Records supplied -

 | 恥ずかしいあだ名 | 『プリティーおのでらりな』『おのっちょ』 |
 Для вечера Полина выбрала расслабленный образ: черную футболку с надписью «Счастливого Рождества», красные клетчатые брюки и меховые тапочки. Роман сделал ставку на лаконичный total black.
---
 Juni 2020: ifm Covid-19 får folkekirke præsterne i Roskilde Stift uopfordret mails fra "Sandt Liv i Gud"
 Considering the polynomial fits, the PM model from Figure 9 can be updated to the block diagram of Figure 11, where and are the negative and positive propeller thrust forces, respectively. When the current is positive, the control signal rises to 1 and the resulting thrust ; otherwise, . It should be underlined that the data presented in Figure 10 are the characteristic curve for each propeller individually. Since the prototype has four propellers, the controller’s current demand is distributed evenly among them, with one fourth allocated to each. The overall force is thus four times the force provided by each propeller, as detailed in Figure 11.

Problem details - Starting at the line above that holds "恥ずかしいあだ名 | 『プリティーおのでらりな』『おのっちょ』 |" and ending at the line that holds "Для вечера Полина", transcribe each line exactly and include no other lines.

Output -
 | 恥ずかしいあだ名 | 『プリティーおのでらりな』『おのっちょ』 |
 Для вечера Полина выбрала расслабленный образ: черную футболку с надписью «Счастливого Рождества», красные клетчатые брюки и меховые тапочки. Роман сделал ставку на лаконичный total black.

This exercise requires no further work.